First you determine what professional services, hardware, and/or
software you may need to purchase as opposed to what you can do
yourself.

This all goes in the 'right way' budget.

Then you figure out how to do the same thing without the pro services,
hardware, and/or software. You can perhaps barter services, buy cheap
ebay hardware and acquire demo software or acquire by other means…
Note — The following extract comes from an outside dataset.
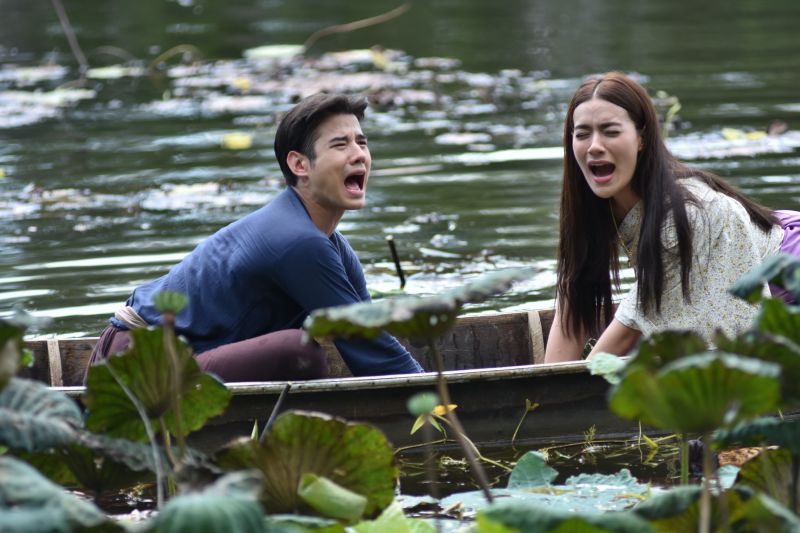 โดยฉากนี้ยกกองถ่ายทำกันที่ศูนย์ส่งเสริมพระพุทธศาสนาแห่งประเทศไทย ในบรรยากาศป่าดงพงไพรล้อมรอบสระบัวกว้างใหญ่ซึ่งน้ำค่อนข้างลึก งานนี้ชุดาภา จันทเขตต์ผู้จัด-ผู้กำกับเลยต้องเซฟสุดๆ จัดการส่งทีมงานลงไปเซอร์เวย์ในสระบัวพร้อมสำรวจความเรียบร้อยเพื่อให้ปลอดภัยทุกฝ่าย ก่อนจะส่ง ทองเอก (มาริโอ้) กับ ชบา(คิมเบอร์ลี่)ลงเรือพายไปกลางสระ ท่ามกลางแดดเปรี้ยงเวลาเที่ยงตรง โดยมีทีมประกบเรือช่วยไม่ห่าง คิมกับโอ้ที่ตอนแรกดูเหมือนจะเก้ๆกังๆ แต่พอเอาเข้าจริงพายเรือคล่องปรื๋อ ทำให้ทั้งคู่บังคับเรือได้ไม่ยาก แถมยังรับส่งอารมณ์หยอกเย้าปนจิกกัด เอ้ย!! เถียงกันเกินเบอร์ แต่พอถึงคิวต้องก้มเก็บบัวกลับไม่ง่ายอย่างที่คิด บวกกับอากาศที่ร้อนระอุ และเพื่อเก็บภาพหลากหลายมุมเพิ่มความสวยงามโรแมนติกนิดๆ ส่วน โอ้-คิม ถึงจะเหงื่อแตกพลั่กๆ แต่หน้ายังยิ้มแป้นหยิบใบบัวมากางเป็นร่มเกร๋ๆชิคๆเพิ่มความน่ารักเข้าไปอีก จนถึงคิวเรือรั่วทั้งคู่เล่นใหญ่ใส่เต็มสุดพลัง แข่งกันร้องลั่นจนน้ำในสระสะเทือน!! โอ้วว อินเนอร์มาเต็มขนาดนี้ไม่รู้ว่ากลัวจริงหรือแอ็คติ้ง แต่บอกเลยว่าฉากนี้ทั้งนอกจอในจอชุลมุนไม่แพ้กัน จนคิมถึงกับร้อง “โอ้ยยยย ชุลมุนกว่านี้มีอีกมั้ย..ยย” ตามลุ้นฉากนี้ได้ คืนนี้ 20.20 น. ทางช่อง 33

If it's simply a straight-up software project and you have all the
tools you need in hand and it's just little ole you typing away on a
keyboard, then you just need to get real… if there's no 'market' for
the output then you won't be getting industry standard wages for
developing the thing. You need to budget with real-world commissions
and grants in mind. These range from 2 - 15 or 20K, but the higher the
prize the more competition of course.

good luck

On Nov 23, 2004, at 11:14 AM, Jason Van Anden wrote:

> How do you determine a budget for developing software related art? I
> am trying to balance "labor-of-love" with "senior level software
> architect". Is there a rule of thumb? Should there be?
>
>
>
>

===
<twhid>http://www.mteww.com</twhid>
===

, Liza Sabater

OOOOG! Don't get me started with this one!

OK, here's the unpopular version at both www.culturekitchen.com and
www.potatoland.org : "Labor of love is still labor".
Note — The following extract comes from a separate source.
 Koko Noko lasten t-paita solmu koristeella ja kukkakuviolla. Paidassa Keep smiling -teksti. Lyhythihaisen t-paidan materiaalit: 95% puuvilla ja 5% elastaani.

So you have to accurately calculate any loss of income you may incur if
you have to work during your business hours in order to finish an art
project. A project at www.potatoland.org will cost a minimum of 2K to
20K to produce, just accounting for cost of labor. Why? Because, again,
given what Napier gets paid for his labor time, if he has to use any of
that time for an art project, the art project has to be translated into
a loss of income that needs to be recuperated through sales or
commissions.

So in these here sites, labors of love are true labors of love :
projects that can be developed and finished during non-business hours.

So the equation would be

TOTAL ESTIMATED HOURS LABOR
- TOTAL ESTIMATED HOURS LABOR DURING NON-BUSINESS HOURS
= TOTAL HOURS LABOR DURING BUSINESS HOURS
X HOURLY RATE FOR BUSINESS HOURS
= Subtotal for SOFTWARE DEVELOPMENT LABOR COSTS
X 30% unknowns
= Total Labor Costs.

Then you add to that, any costs for hosting, domains, hardware, travel
involved (if you have to go somewhere to install it) + another 30%
overhead for any technical issues that might arise in the future and
that's your budget.

This is a real-life budget that most granting institutions or
commission dealers don't want to look at. If you are making art anyway,
why not just take what you can get? Right?

Wrong!

Rule # 1 of Artware :
AN ARTWARE PROJECT IS STILL A SOFTWARE DEVELOPMENT PROJECT AND SHOULD
BE TREATED ACCORDINGLY.

Anybody involved in any kind of technological development project in
the real world knows how things can go awfully wrong in a second. A
project that cranks on smoothly for months can crash and burn with the
hiccup of a bug the night before it's release date. I've seen this
happen so many times with commercial and art projects that there is no
need to differentiate one from the other.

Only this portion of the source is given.